Her chin edged up. It was a nice chin, perfectly shaped, neither too sharp nor too soft. If only the chit would learn when to keep from raising it in challenge. “I demand you make your intentions known. I have already assured you I have no money on me—”

“Perhaps not.” He interrupted solely to see the irritated tick of her jaw. “But you are worth plenty.”

Her face went paler still. “You mean to ransom me?”

He doffed his hat and sketched a mock bow. “You have discovered my secret. Now if you’ll come with me?”

The breeze blew a stray curl into her face, but she made no move to fix it, so intent was she upon staring at him with those large, doe eyes. “I most certainly will not. And even if I did, I would not be so certain my father will pay for my return, if I were you.”

He waved a hand. “Then I shall have no less than I do now, and will surely be all the richer for the time spent in your illustrious company. Come.”

Her gaze darted down the rutted road, toward her home. Turner chuckled. “Go ahead and try it. Though that pristine dress of yours may get a bit muddied when I have to tackle you to the ground.”

She let out a squeak of protest. “You wouldn’t dare!”

“And you deduce that by what evidence? I have already told you I am kidnapping you to hold you for ransom. You think I would shy away from that?” He loosed an exaggerated sigh and shook his head. “Enough. We must get a move on. Behave yourself, my dear, and perhaps I’ll spare your life once your father parts with his silver.”

Shock glazed her eyes, just as he intended. While she was stunned, he grabbed her and hoisted her onto the back of his horse, then swung up in front of her. “Hold on. Unless you relish falling off.”

Her arms closed loosely around his waist, though he fancied he could feel the hesitation within them. No matter to him. He gripped the reins and dug his heels into Socrates’ flank. The horse leapt into the small stretch of woods. They would stay within its length as long as possible. Soon enough darkness would provide the cover he needed, but until then, the sparse forest would have to do.

“I cannot believe this is happening,” Miss Sheldon muttered into his shoulder blade.

He’d thought much the same thing when his cousin laid out the plan—and the reason for its necessity. “You brought it on yourself, miss.”

“Pardon me? I don’t recall sending you an invitation to kidnap me, Mr. Cane!”

They whipped around a tree, and a low limb nearly snatched Turner’s hat. He ducked just in time to avoid the thievery. “No, what I should have received an invitation for was your marriage to my cousin. Had you wed him as promised, none of this would be necessary.”

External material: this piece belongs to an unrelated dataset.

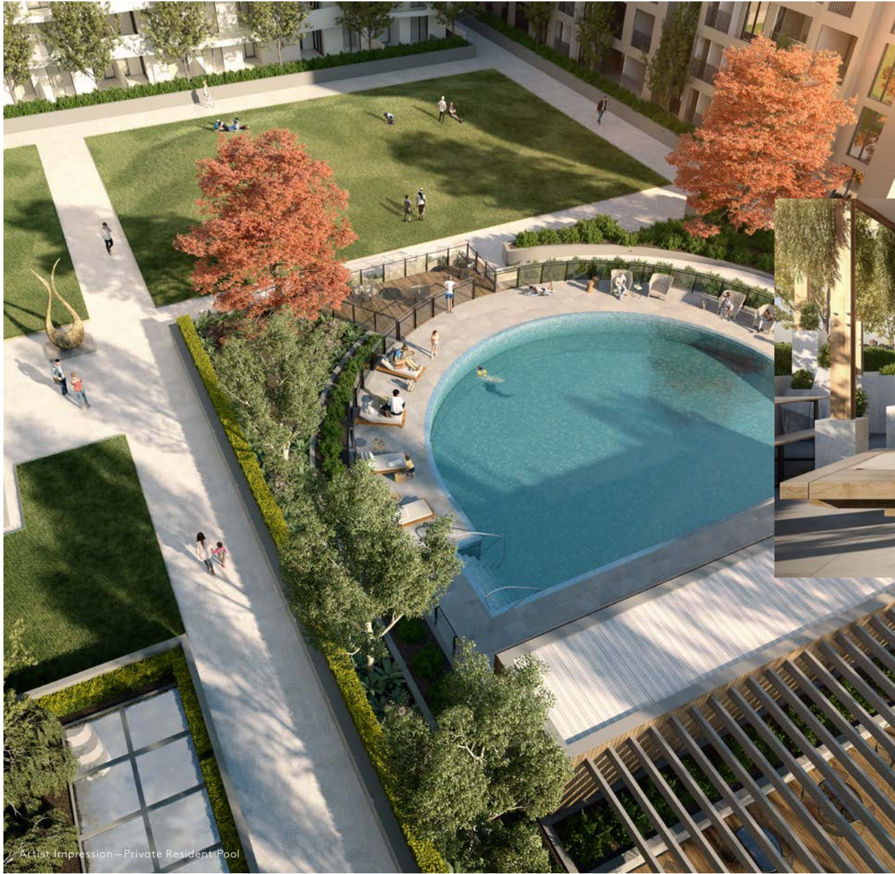
Artist Impression—Private Resident Pool

The sparkling waters of the swimming pool and landscaped lawn areas beckon on sunny days.

A beat of silence preceded her quickly indrawn breath. “Gregory is your cousin?”

“Gregory? Who the devil is Gregory?” He craned around for a moment, but could see nothing but her wind-blown curls so faced forward again. “Exactly how many men have you crushed beneath your satin heel, Miss Sheldon?”

“That is none of your concern.”

“An unfortunate untruth. It has become my—”

A bang interrupted him half a moment before bark exploded from a nearby tree. He bit back an oath and spurred Socrates faster.

“Was that a—a gunshot?”

“It certainly resembled one, if it wasn’t.” He directed the horse onto a footpath to his right, largely so that he could look in the direction from which the bullet had come. He caught sight of a flash of blue, a streak of red.

Her hands shook as they grasped his overcoat. “My father’s people must have seen you.”

“And decided to shoot at you? No, my dear, it is not your salvation chasing us. More like—”

Another shot sounded, and pain kissed his arm. He grunted and urged Socrates to a gallop as they broke from the treeline.

If he lived through this, he would throttle his idiot cousin for getting him involved.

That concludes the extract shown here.